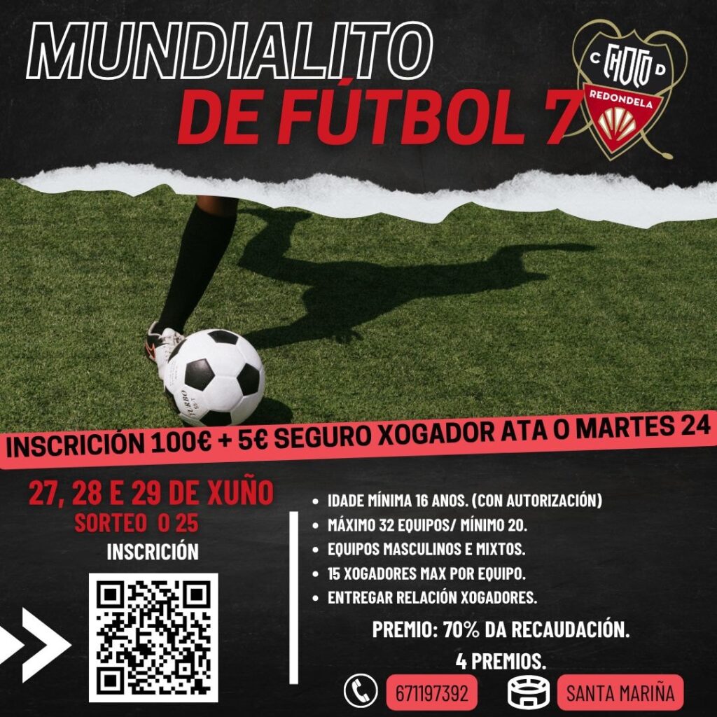 O Club Deportivo Choco anunciou a organización do primeiro Mundialito de Fútbol 7, un evento deportivo que se celebrará os días 27, 28 e 29 de xuño no Campo Municipal de Santa Mariña, prometendo converterse nunha das citas máis destacadas do verán para os amantes do fútbol na rexión. Segundo a información facilitada, a inscrición para participar neste torneo ten un custo de 100 € por equipo, aos que se suman 5 € de seguro por cada xogador. O sorteo dos emparellamentos está programado para o 25 de xuño, marcando o inicio oficial da competición.
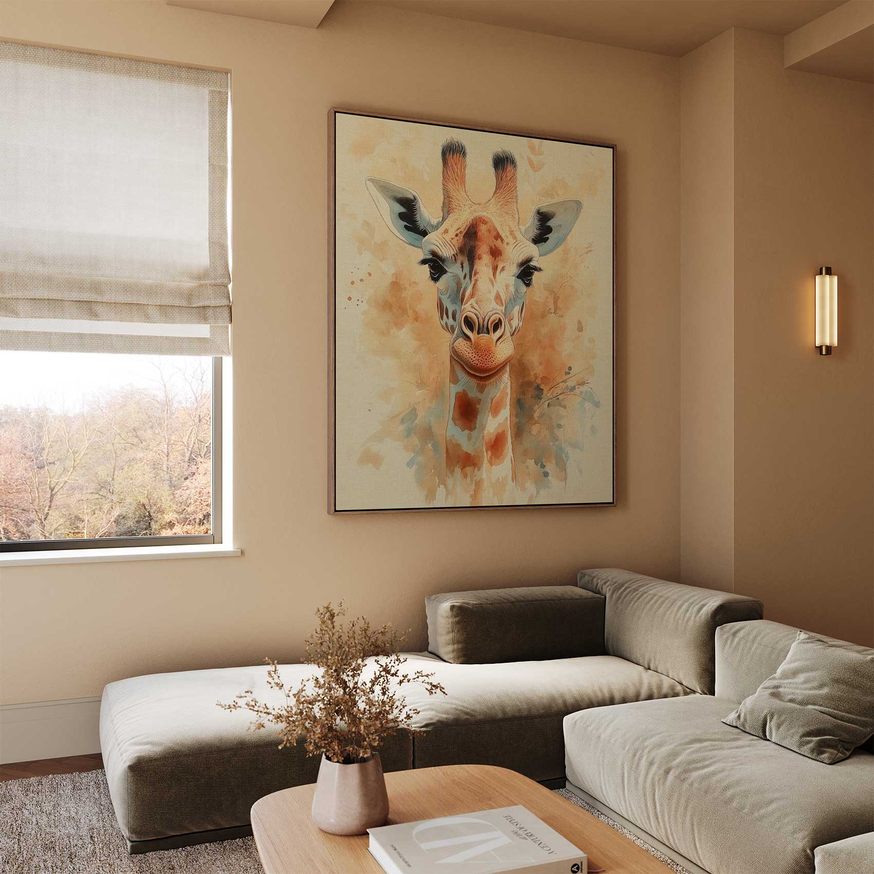Terug naar collectie / Schilderijen / Dieren Schilderij / Dromerige waterverfgiraf
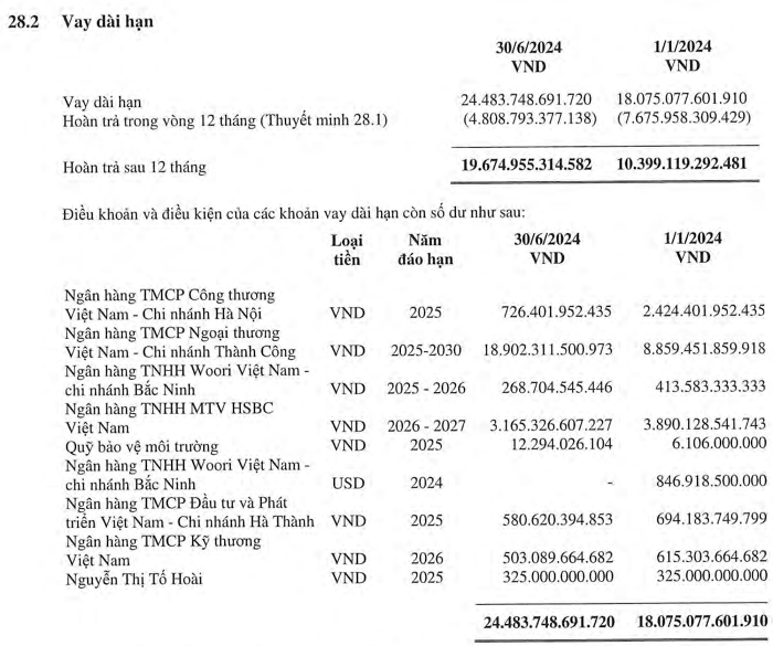 Đối với dư nợ vay dài hạn cuối kỳ là 19.675 tỉ đồng, tăng 89% so với đầu năm và tăng 22% sau một quý. Các khoản vay dài hạn chủ yếu đáo hạn vào giai đoạn 2025 - 2030 và hoàn toàn bằng VND với mức lãi suất từ 2,48% đến 7,5%, cũng giảm sâu so với lãi suất hồi đầu năm (2,6% - 12%/năm).

--*--

Repeat the data exactly, excluding the pictures.

> **ANSWER FOR THIS EXERCISE**:
 O Club Deportivo Choco anunciou a organización do primeiro Mundialito de Fútbol 7, un evento deportivo que se celebrará os días 27, 28 e 29 de xuño no Campo Municipal de Santa Mariña, prometendo converterse nunha das citas máis destacadas do verán para os amantes do fútbol na rexión. Segundo a información facilitada, a inscrición para participar neste torneo ten un custo de 100 € por equipo, aos que se suman 5 € de seguro por cada xogador. O sorteo dos emparellamentos está programado para o 25 de xuño, marcando o inicio oficial da competición.
Terug naar collectie / Schilderijen / Dieren Schilderij / Dromerige waterverfgiraf
 Đối với dư nợ vay dài hạn cuối kỳ là 19.675 tỉ đồng, tăng 89% so với đầu năm và tăng 22% sau một quý. Các khoản vay dài hạn chủ yếu đáo hạn vào giai đoạn 2025 - 2030 và hoàn toàn bằng VND với mức lãi suất từ 2,48% đến 7,5%, cũng giảm sâu so với lãi suất hồi đầu năm (2,6% - 12%/năm).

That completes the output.